• **Requirement**: Look at the data below and print exactly the lines from its first line through the line with "The color palette"; the pictures stay out of the copy.

• **Provided data**:
------

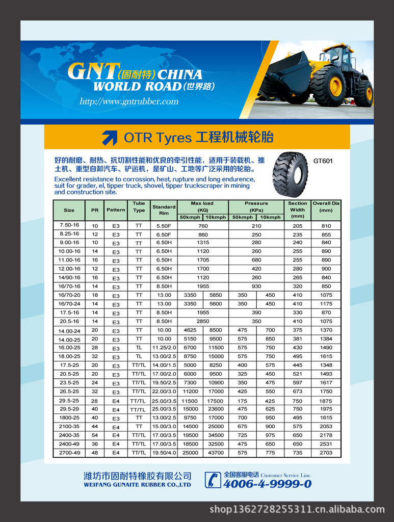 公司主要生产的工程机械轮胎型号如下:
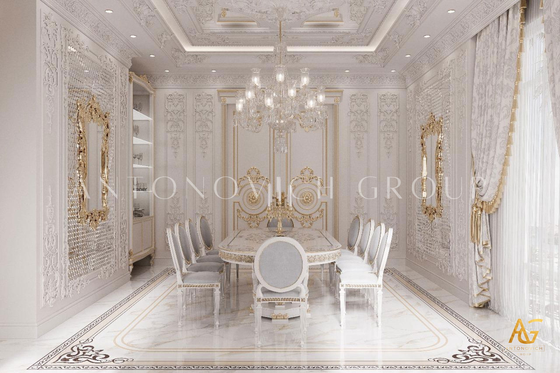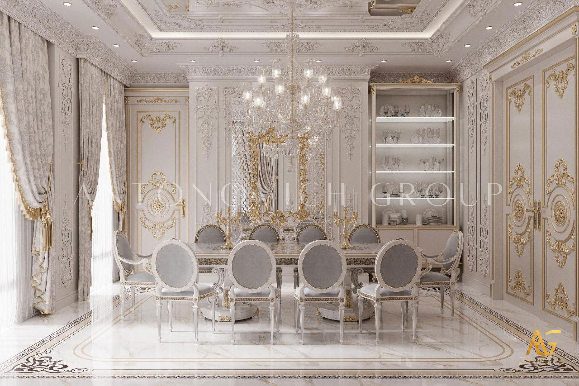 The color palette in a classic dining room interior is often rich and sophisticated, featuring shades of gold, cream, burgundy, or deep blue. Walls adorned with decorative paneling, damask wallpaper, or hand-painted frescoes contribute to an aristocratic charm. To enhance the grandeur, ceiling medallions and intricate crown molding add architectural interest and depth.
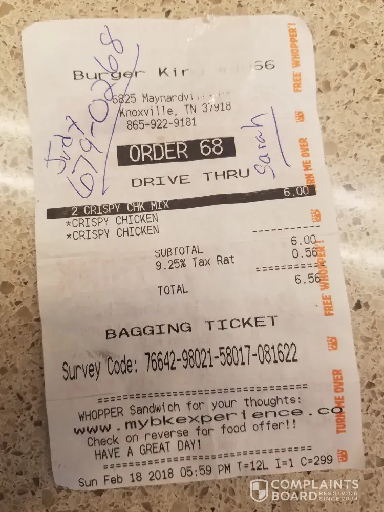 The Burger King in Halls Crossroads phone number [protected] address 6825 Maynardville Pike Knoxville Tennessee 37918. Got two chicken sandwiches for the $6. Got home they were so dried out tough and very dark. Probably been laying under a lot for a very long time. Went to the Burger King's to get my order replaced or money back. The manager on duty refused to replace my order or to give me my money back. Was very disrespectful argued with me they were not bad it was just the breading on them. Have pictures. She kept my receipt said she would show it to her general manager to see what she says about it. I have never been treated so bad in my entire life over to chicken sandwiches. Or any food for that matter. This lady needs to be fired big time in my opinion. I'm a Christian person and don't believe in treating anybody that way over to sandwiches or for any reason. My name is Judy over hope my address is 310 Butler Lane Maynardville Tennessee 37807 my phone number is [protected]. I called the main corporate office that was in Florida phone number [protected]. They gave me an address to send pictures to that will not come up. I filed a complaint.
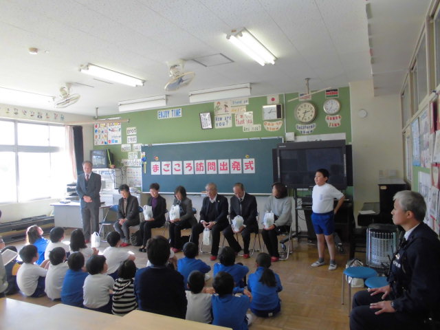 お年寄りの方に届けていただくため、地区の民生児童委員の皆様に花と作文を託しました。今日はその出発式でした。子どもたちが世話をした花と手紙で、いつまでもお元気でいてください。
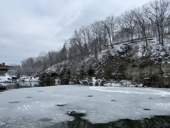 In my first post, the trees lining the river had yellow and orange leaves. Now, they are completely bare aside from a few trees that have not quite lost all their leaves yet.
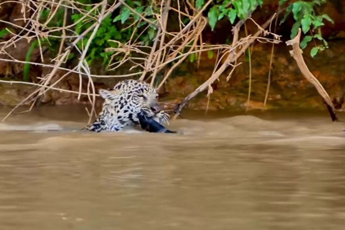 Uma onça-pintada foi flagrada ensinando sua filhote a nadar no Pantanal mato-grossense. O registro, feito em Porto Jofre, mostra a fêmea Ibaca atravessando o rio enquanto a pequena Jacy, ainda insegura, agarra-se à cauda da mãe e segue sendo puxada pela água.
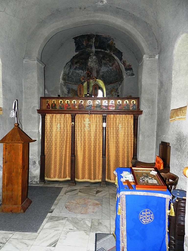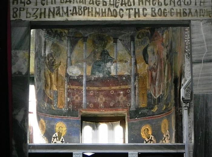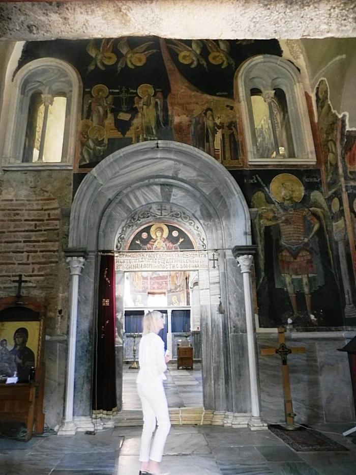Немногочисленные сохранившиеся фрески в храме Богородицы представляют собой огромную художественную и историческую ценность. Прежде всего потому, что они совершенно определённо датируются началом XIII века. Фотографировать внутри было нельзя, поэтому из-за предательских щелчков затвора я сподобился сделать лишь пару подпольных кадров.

------

• **Finished exercise**:
 公司主要生产的工程机械轮胎型号如下:
 The color palette in a classic dining room interior is often rich and sophisticated, featuring shades of gold, cream, burgundy, or deep blue. Walls adorned with decorative paneling, damask wallpaper, or hand-painted frescoes contribute to an aristocratic charm. To enhance the grandeur, ceiling medallions and intricate crown molding add architectural interest and depth.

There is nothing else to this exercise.